# Act One Of Puccini’s “La Fanciulla Del West”



## Truvianni (Apr 21, 2011)

An article about Puccini’s opera “La Fanciulla Del West” which sees a woman cheat at cards in order to, not only save the man she loves but avoid having to marry one; she; in all truth does not. It being this spirit in Minnie which reminds me of my friend Marcela Vanmak, who bears many similarities to the Minnie, who is also known as the fanciulla del west or the girl from the golden west.

The opera “La Fanciulla Del West” is one of Puccini’s lesser known operas. It not having achieved the worldwide fame of some his other works such as “La Boheme” or “Madame Butterfly” yet it has a beauty about it which in my opinion manages to capture not only the romance of Italian opera but the optimism of those who ventured west during the San Francisco gold rush. This story in fact taking place sometime after 1849, somewhere near San Francisco.

As for the plot, it is the story of a simple yet good woman by the name of Minnie, who owns and operates a salon called the Polka in a California mining town during the years of the gold rush. Minnie is a woman who is greatly admired by the men of her community, not only for her bible lessons but for the selfless deeds she performs; such as taking care of the men when they are ill along with many other acts of kindness. Minnie however is all alone, as she is a single woman living in what could be for the most part considered a lawless land and it is precisely with the intensions of providing her with the protection of a home that Jack Rance (town sheriff ) offers to take her to wife. This being an offer which she refuses, her claiming that she knows him to be a solid man, who would give her a good home but on the other hand she feels that accepting marriage simply on the grounds of convenience is not love. Jack Rance, for his part feels that such matters are inconsequential and claims that her claims of love are more poetic than reality. I in what concerns me, can see my friend and fellow author, Marcela Vanmak playing the role of this brave woman, who has traveled so far from her home to start a new life in a place which at the time was a very hostile environment and despite the difficulties; managed to own her own salon. 

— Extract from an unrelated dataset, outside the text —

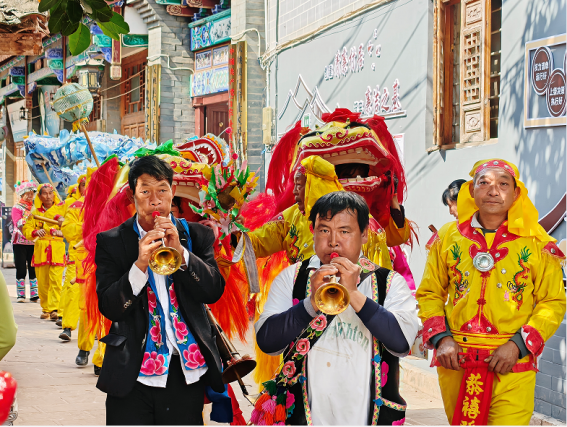 清晨,古镇在爆竹声与锣鼓声中苏醒。两条长达数十米的彩龙依次从南关外翻腾至西关外,舞龙者身着传统黄衣红绸,龙身蜿蜒起伏,龙首威严灵动,他们手持彩龙,步伐矫健,将“游龙”“钻龙身”等动作演绎得行云流水。两支由石羊社区、岔河村组成的队伍,以刚劲舞姿祈求风调雨顺、仓廪丰实,龙目所至,尽是百姓对美好年景的殷殷期盼。舞龙队伍穿梭于青砖素瓦的古镇街巷,时而腾跃翻飞,时而盘桓低舞,与人群的欢呼声、爆竹的脆响交织成一片欢腾的海洋。与此同时,孔子文化广场上,多支村级文艺队、老年协会队轮番登台,彝族左脚舞、彝族小调演唱等节目接连上演,舞步欢快、歌声悠扬,游客与本地居民手挽手加入舞蹈,共绘民族团结的生动图景。

It is after Minnie, once again refuses Jack Rance’s proposal of marriage that she hears of a man who has ordered whisky with water which makes Minnie laugh, as to her way of seeing things; this is what should be taken straight. Minnie however recognizes him from before and agrees to serve him his drink as he has ordered it yet it is at this moment that she is enchanted by the stranger calling himself Dick Johnson, who apart from wanting a drink also wishes to invite Minnie for a waltz which she gladly accepts. It being with grace that Minnie and Johnson dance to the music being played by some of the guests at the Polka, who also wish to express their apologies for having confused their newly arrived guest with the wanted bandit, Ramirez. 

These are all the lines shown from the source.